I think those are definitely the big notes for now. It's worth noting that high stakes are not necessarily a bad thing in a story, if they can be tempered and contextualized. What I don't wanna do is to drop my characters abruptly into a situation where they're responsible for saving the world - they have to naturally develop into that role. Really, I don't have a great idea of the time scale of the overall story (or, for that matter, how that's even measured in-universe), and I think the things I want to have happen lend themselves to a longer story duration.

There's tons of room to incorporate all kinds of fun character interactions and arcs into this. It's one thing to have big obvious story points, and it's another thing entirely to stitch those together. I don't want the overall story to be a vessel serving no purpose besides transporting the plot from A to B to C - again, the events should progress naturally in between, and it's going to be the much smaller-scale stuff that makes that happen.

One last bit before I forget - I'm in the early stages of formulating new characters that our trio of kids will meet when they first take refuge with Roselight.
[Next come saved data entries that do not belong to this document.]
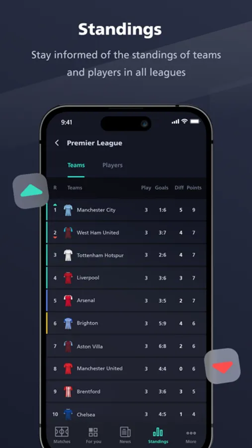 4 - Live teams and players ranking.
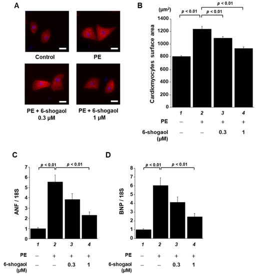 3.1. 6-Shogaol Significantly Suppressed PE-Induced Hypertrophic Responses in Cardiomyocytes
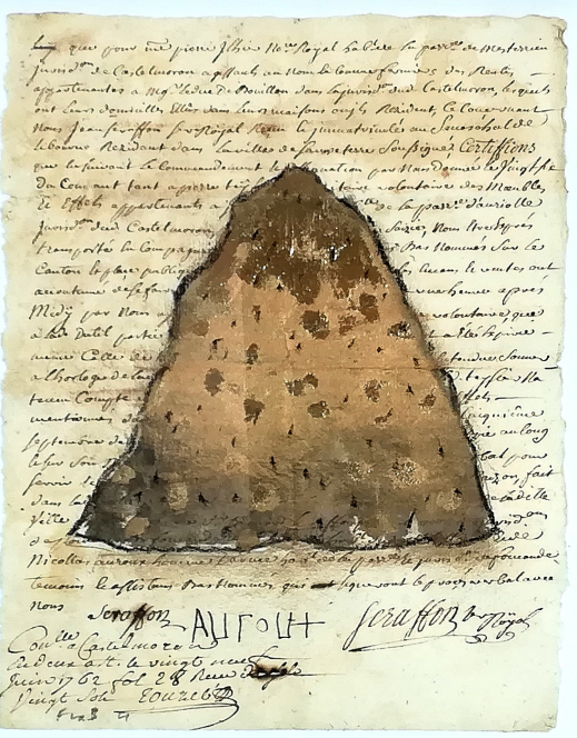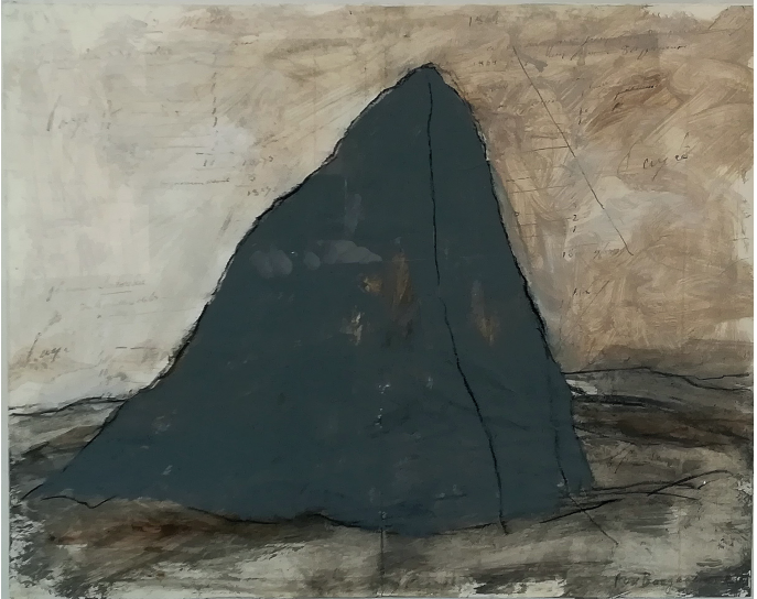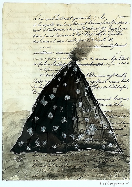 “Het probleem voor mij in Nederland was: te weinig natuur en te veel mensen. Dat benauwde me, maar het had ook met onzekerheid te maken. Eenmaal met Thea in Frankrijk begon ik daar bouwprojecten te begeleiden, vooral in uitvoerende zin met vaak Britten als opdrachtgever. Mijn kunstpraktijk stond op een laag pitje. Ik was druk met die projecten, mijn eigen huis en mijn gezin met Thea en de kinderen. Toen ik die ‘manoir’ in Mesterrieux had gekocht en op al dat historische materiaal stuitte, niet alleen officiële documenten maar ook handgeschreven liefdesbrieven en berichten van soldaten aan het front, kranten en kleding, veroorzaakte dat bij mij beeldende impulsen. Ik ging weer meer tekenen en schilderen en er ontstond samenhangend werk over waar ik was en de geschiedenis van een plek in het landschap, de voortdurende opbouw en vernietiging van menselijke inspanningen in verhouding tot de omgeving en de natuur.”
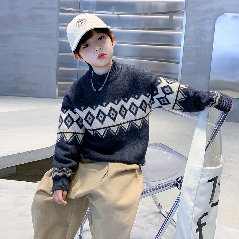 트렌디한 브랜드 두꺼운 남아용 라운드넥 스웨터 겨울 신상품 2025 어린이용 니트웨어 중대형 어린이용 기본 니트스토어 가기
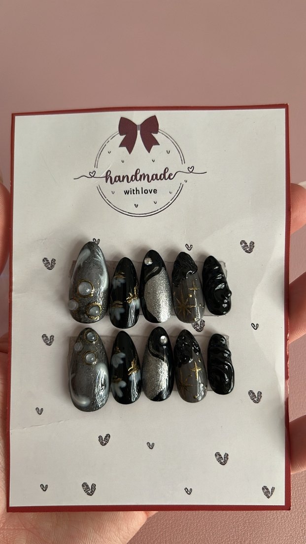 El yapımı, koyu siyah tırnak süsleri; parlak, dokulu ve metalik detayla süslenmiş.
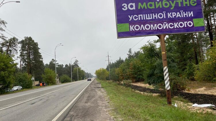 Так, измененная реклама партии "За будущее" была замечена вдоль Парковой дороги и на Столичном шоссе в Киеве. На придорожных билбордах размещены наклейки с именем Коломойского.
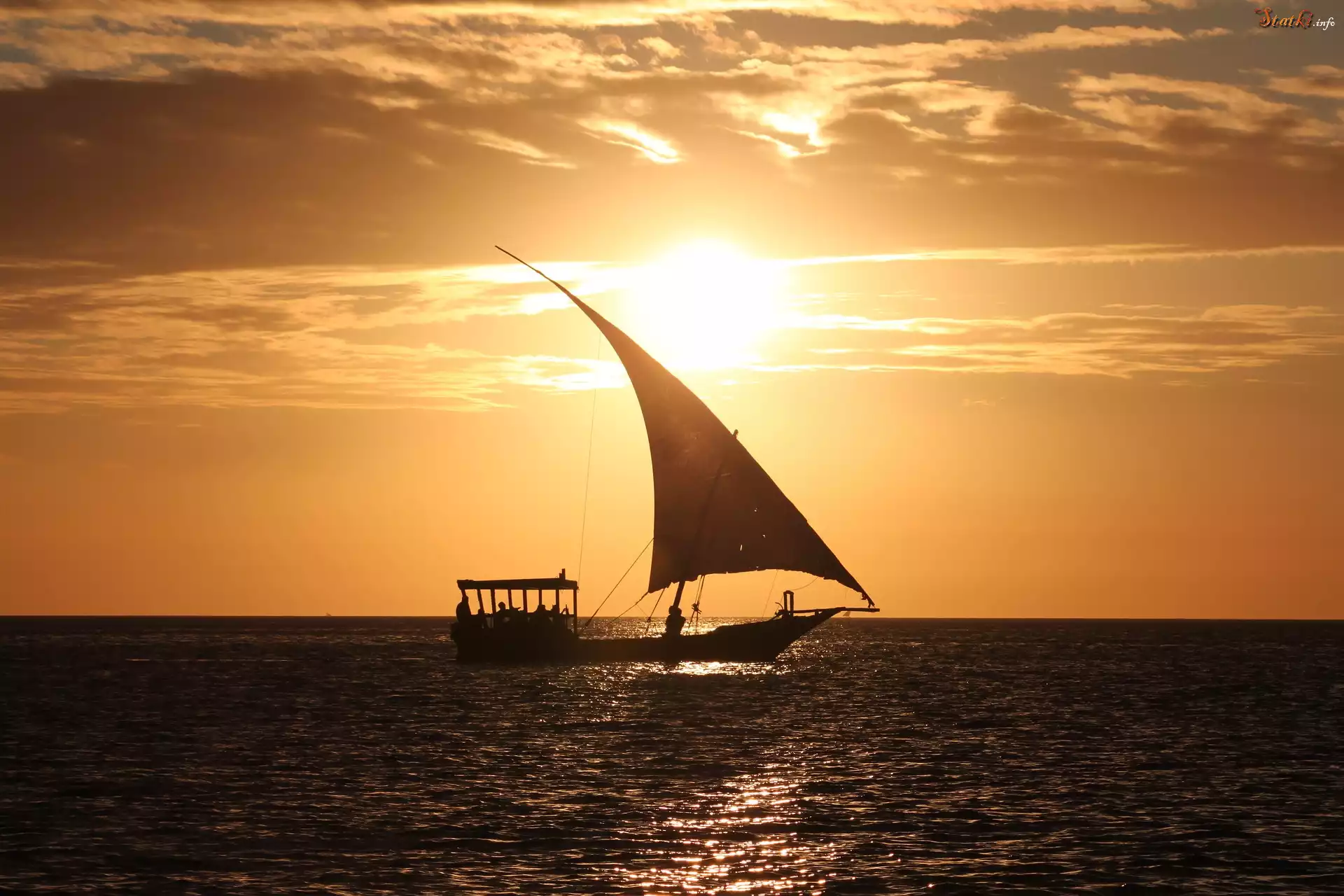 Statek Morze, Zachód słońca, Żaglówka
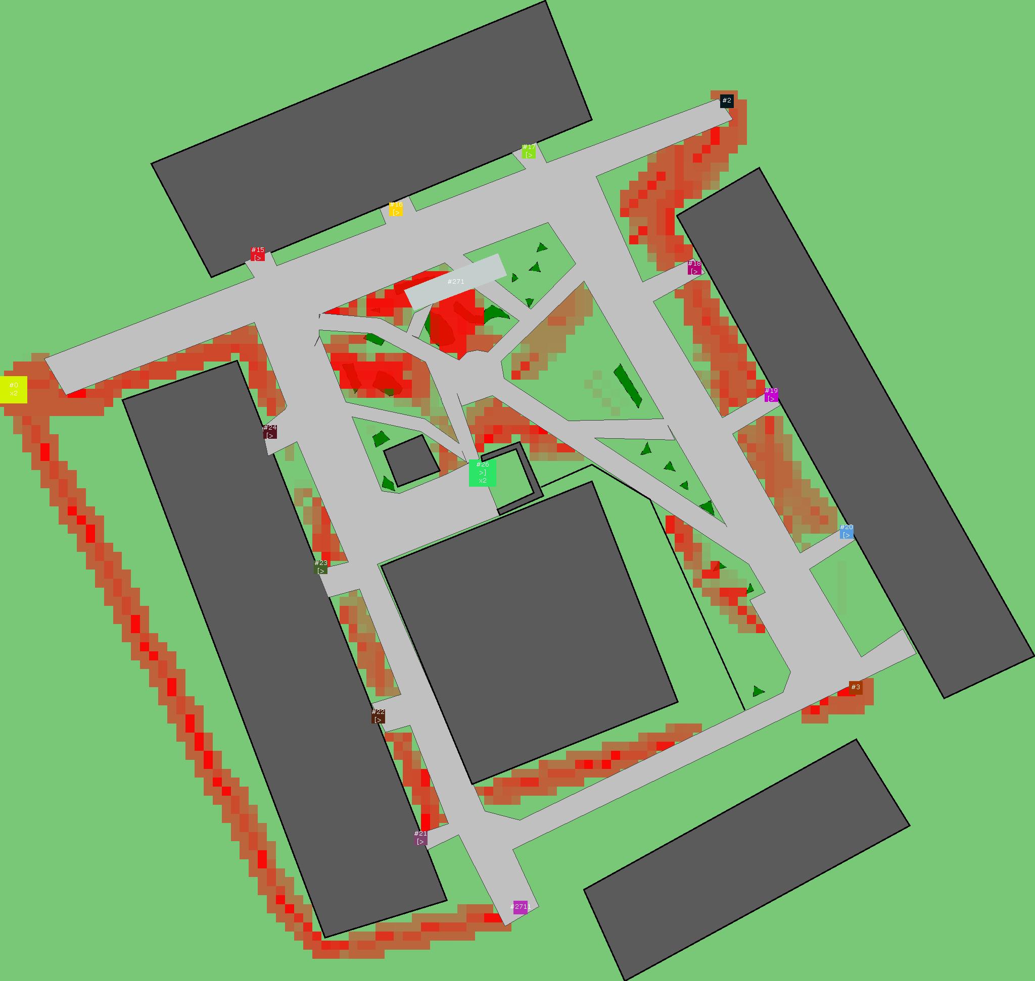 Красным цветом показаны места, где, вероятнее всего, появятся стихийные тропы..

We need to have some known members of the resistance, and I'm looking forward to developing them in time. Some names have popped into my head: Donner (he/him) and Kierstyn (she/her). These two might be closer to peers of our protagonists, or they might lie higher in the command structure, occupying leadership roles - I'm not sure yet, but the structure and details of Roselight itself are a whole new can of worms that I'm not going to open right now.